But now I see Chris Brunner did some of the hard work for me of culling out the less useful podcasts, and created a list of them on his own site. I need to update my own geek site links with a few of these new ones that I didn’t have, and check into trying to resurrect this habit pursuit. I’d love to keep up with security through this media as well as print news.

DD-WRT is a replacement firmware for some WAPs, including the models I have extras of. Adding to my personal project list.

Screencapture in Linux can be tricky. Here are two resources to check out.

Wikipedia entry
vnc2swf

I know this is ComputerWorld, one of the ad-driven free mags that tend to review products and state the obvious, but this quick article on 10 tips to secure VPNs is a pretty good and quick read with some specific technical details as well as common sense items that are sometimes hard to get management levels to listen to (such as only opening the VPN to those who truly need it). I like that some of the points are actually alternatives, such as secured mail or SSL/passworded web sites when, really, the need is smaller than the justification for a full VPN solution. Unfortunately, in other instances like jailing users from the rest of the network are a bit more advanced and complicated.

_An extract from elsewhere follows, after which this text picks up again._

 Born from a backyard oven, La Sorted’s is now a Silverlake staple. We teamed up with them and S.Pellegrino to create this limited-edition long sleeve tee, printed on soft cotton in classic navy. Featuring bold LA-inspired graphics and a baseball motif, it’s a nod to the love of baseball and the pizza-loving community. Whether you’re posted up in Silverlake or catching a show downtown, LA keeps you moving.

Of note, this response was given on Infosec News and deserves to be read in conjunction with the original article as the author makes some excellent points.

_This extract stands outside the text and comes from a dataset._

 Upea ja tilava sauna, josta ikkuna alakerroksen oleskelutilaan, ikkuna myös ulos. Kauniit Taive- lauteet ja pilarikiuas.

All of the HITB2006 papers are online now.

A quick pointer to an archive of Black Hat media presentations. Save the interesting ones, since they do cycle them regularly.

Black Hat 2006 papers and media are available. Scroll down for the video portions. Also, the archives are a good place to be for even more media.

Defcon 14 presentations

Black hat 2006 presentations

I think one barometer of how IT and security are moving more in tune with the business world instead of being some back room geek department, is how often I read buzzwords and newly created words.
I just read the Websense H1 2006 Security Trends Report and was amazed at all the new words I found.
We have malware, adware, and spyware. I guess I should have seen crimeware coming. Websense I guess crimeware is software use to commit a crime? I think I will stick to malware as my term of choice. I have also seen eCrime.
I also gleefully read how a host with multiple phishing sites is termed to be host to numerous phishes. Phishes…does that mean the host can be called a phish tank, or perhaps a pond? And would abandoned sites be phishheads? The report also referenced spear phishing, which is a more targeted phishing attack. Honestly, I think almost all phishing attacks are a bit targeted. While that term I have heard before, it still amused me since I started looking for these creative terms.
Screen scraping applies to those malware components that take screenshots of the users screen, a means to thwart captchas and virtual keypads kinda like a keylogger for the whole screen itself. Screen scraping just does not sound fun, and reminds me of a windowwasher or perhaps a visit to the dentist.
Now, while I might poke fun at the report for the terms used, the information presented is excellent and a very good read on the trends that Websense has been experiencing so far this year.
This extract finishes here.